* **What is being asked**
In the listing below, locate the line that contains "Retro Blue Tan" and the line that contains "미드필더에는 이른 시간". Restate word for word those two lines and every line between them, and nothing else.

----

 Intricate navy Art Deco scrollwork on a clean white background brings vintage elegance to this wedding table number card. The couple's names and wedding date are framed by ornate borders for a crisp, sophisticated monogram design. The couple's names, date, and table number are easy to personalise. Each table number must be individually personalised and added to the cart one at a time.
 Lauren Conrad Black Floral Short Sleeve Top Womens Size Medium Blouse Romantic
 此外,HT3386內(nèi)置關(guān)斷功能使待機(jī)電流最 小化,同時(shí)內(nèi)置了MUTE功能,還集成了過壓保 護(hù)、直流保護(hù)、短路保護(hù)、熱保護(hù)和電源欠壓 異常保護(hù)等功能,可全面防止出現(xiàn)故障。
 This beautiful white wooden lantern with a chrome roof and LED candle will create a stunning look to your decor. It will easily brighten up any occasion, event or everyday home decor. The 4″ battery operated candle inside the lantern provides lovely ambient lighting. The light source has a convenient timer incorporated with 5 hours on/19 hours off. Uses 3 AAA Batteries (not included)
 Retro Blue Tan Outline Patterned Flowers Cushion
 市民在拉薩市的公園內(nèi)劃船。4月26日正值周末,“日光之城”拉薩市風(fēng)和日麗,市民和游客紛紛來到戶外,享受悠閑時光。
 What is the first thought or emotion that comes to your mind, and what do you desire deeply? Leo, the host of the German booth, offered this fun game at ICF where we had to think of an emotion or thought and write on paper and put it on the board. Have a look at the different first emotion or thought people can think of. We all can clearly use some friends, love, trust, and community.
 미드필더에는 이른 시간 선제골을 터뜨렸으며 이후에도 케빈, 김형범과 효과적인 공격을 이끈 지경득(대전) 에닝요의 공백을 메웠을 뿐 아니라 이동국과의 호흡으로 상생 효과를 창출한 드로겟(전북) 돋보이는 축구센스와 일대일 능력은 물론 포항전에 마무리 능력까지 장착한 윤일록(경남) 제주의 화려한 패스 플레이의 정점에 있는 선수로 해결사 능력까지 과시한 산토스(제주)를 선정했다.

----

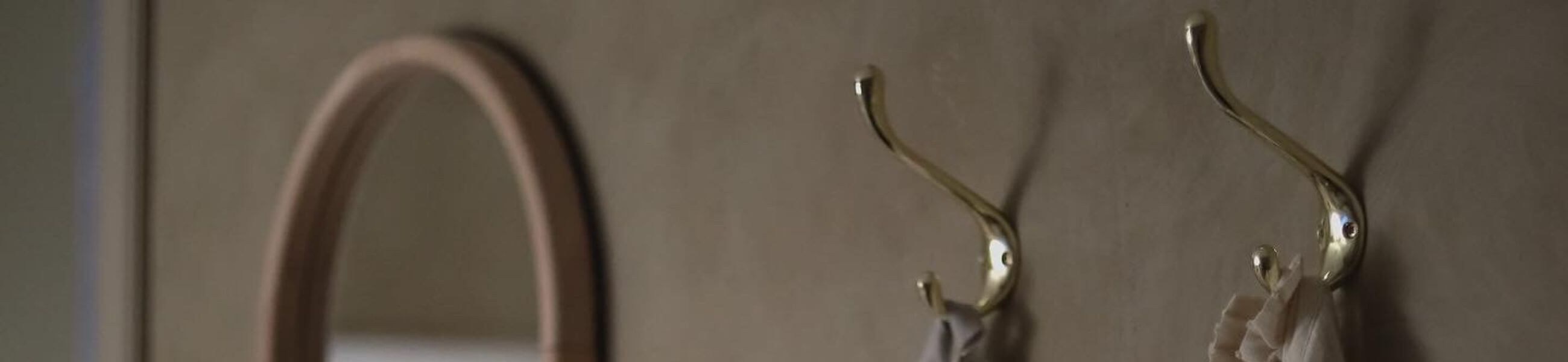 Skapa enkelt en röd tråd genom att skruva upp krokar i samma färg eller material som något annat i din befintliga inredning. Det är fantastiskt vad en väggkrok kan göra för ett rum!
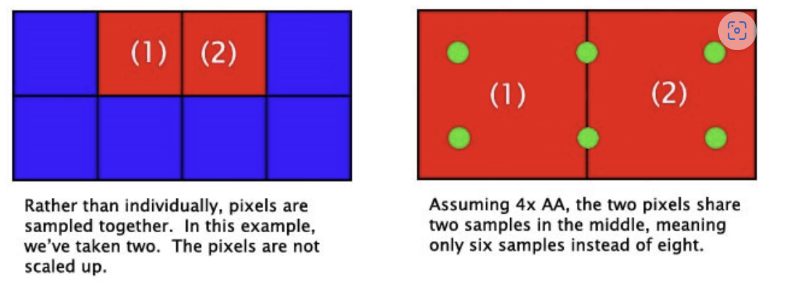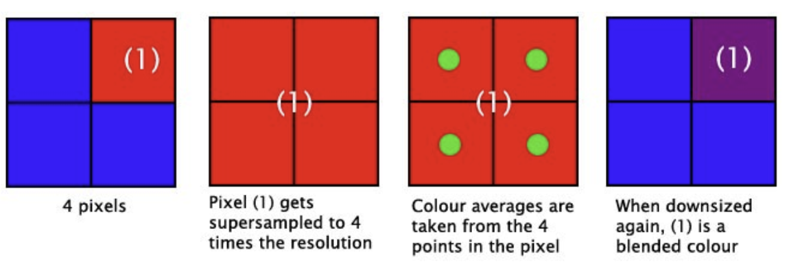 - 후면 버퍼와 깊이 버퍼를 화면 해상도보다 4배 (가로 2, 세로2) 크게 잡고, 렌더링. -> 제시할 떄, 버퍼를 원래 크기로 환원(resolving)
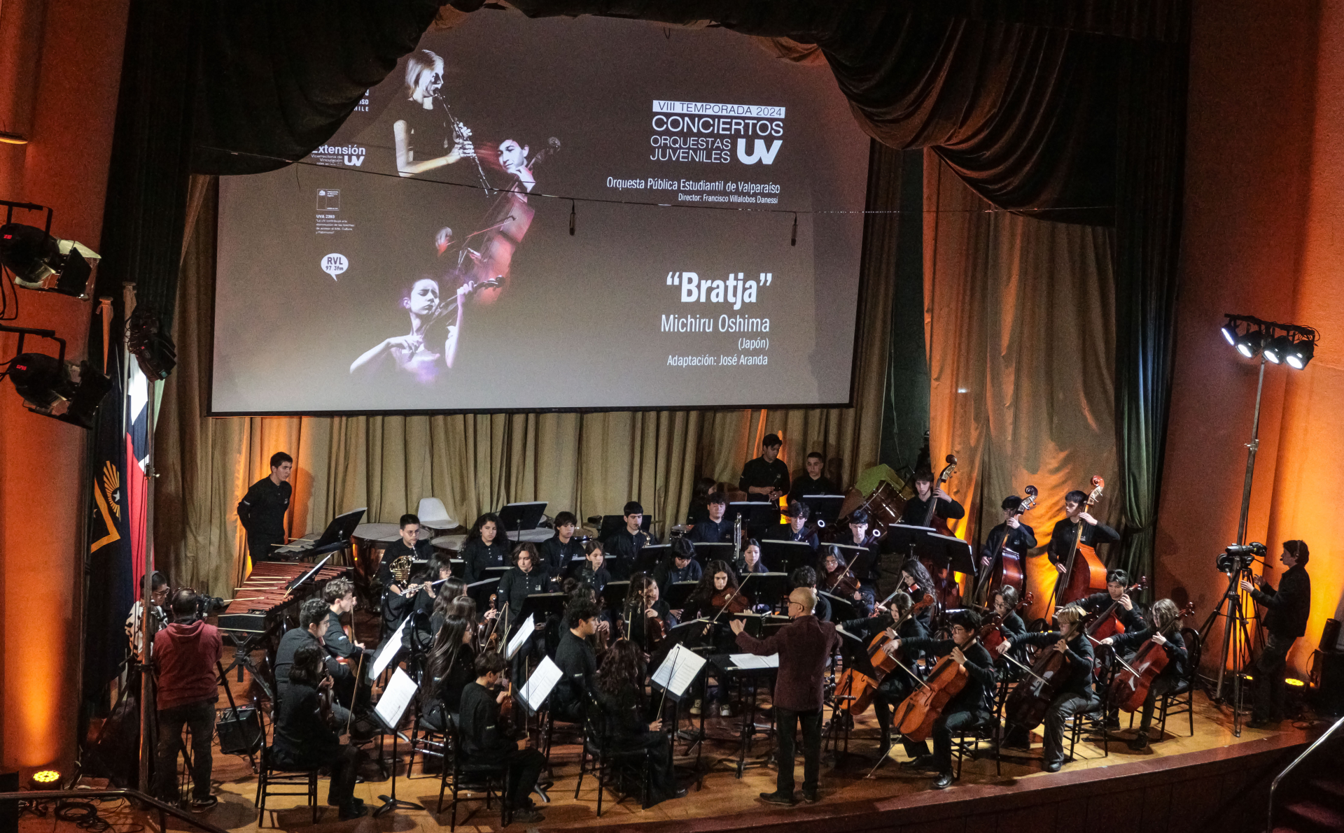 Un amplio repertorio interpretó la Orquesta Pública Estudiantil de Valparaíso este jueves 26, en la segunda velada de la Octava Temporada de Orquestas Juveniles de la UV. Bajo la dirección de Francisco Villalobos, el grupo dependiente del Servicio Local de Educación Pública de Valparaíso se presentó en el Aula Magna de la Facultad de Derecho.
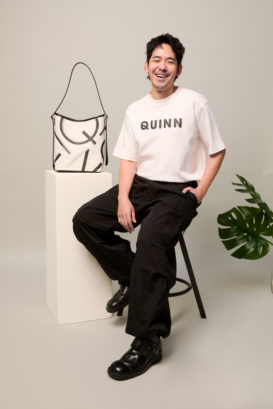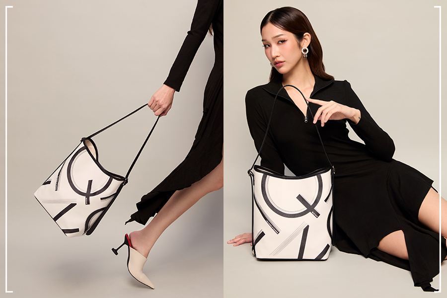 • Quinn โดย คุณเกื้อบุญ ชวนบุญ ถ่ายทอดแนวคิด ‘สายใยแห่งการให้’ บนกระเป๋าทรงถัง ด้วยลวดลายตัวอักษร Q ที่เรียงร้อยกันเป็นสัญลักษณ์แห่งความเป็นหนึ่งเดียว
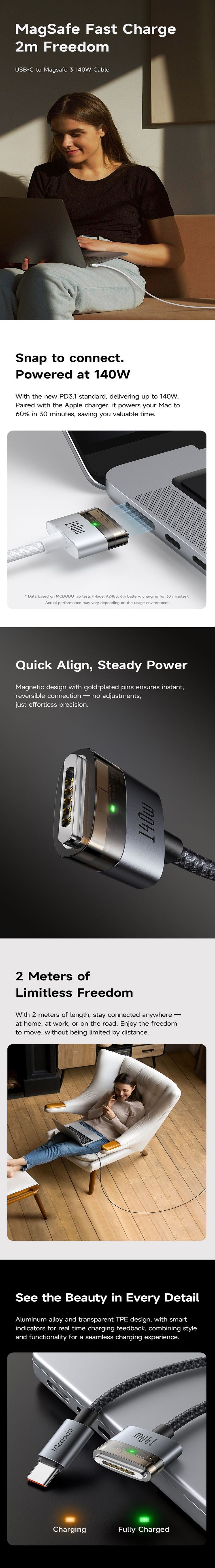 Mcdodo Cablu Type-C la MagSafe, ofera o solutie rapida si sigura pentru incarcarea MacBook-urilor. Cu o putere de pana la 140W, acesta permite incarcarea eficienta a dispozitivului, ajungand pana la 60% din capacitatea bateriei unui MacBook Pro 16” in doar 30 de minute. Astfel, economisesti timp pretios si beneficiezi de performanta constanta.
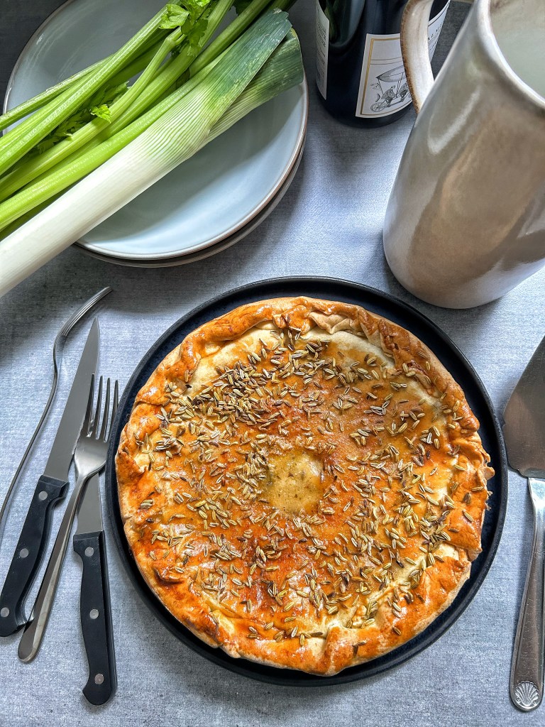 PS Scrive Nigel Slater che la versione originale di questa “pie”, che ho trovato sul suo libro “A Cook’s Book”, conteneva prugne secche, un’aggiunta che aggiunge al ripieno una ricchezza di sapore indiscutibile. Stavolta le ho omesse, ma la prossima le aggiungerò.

----

* **Answer to the problem**
 Retro Blue Tan Outline Patterned Flowers Cushion
 市民在拉薩市的公園內(nèi)劃船。4月26日正值周末,“日光之城”拉薩市風(fēng)和日麗,市民和游客紛紛來到戶外,享受悠閑時光。
 What is the first thought or emotion that comes to your mind, and what do you desire deeply? Leo, the host of the German booth, offered this fun game at ICF where we had to think of an emotion or thought and write on paper and put it on the board. Have a look at the different first emotion or thought people can think of. We all can clearly use some friends, love, trust, and community.
 미드필더에는 이른 시간 선제골을 터뜨렸으며 이후에도 케빈, 김형범과 효과적인 공격을 이끈 지경득(대전) 에닝요의 공백을 메웠을 뿐 아니라 이동국과의 호흡으로 상생 효과를 창출한 드로겟(전북) 돋보이는 축구센스와 일대일 능력은 물론 포항전에 마무리 능력까지 장착한 윤일록(경남) 제주의 화려한 패스 플레이의 정점에 있는 선수로 해결사 능력까지 과시한 산토스(제주)를 선정했다.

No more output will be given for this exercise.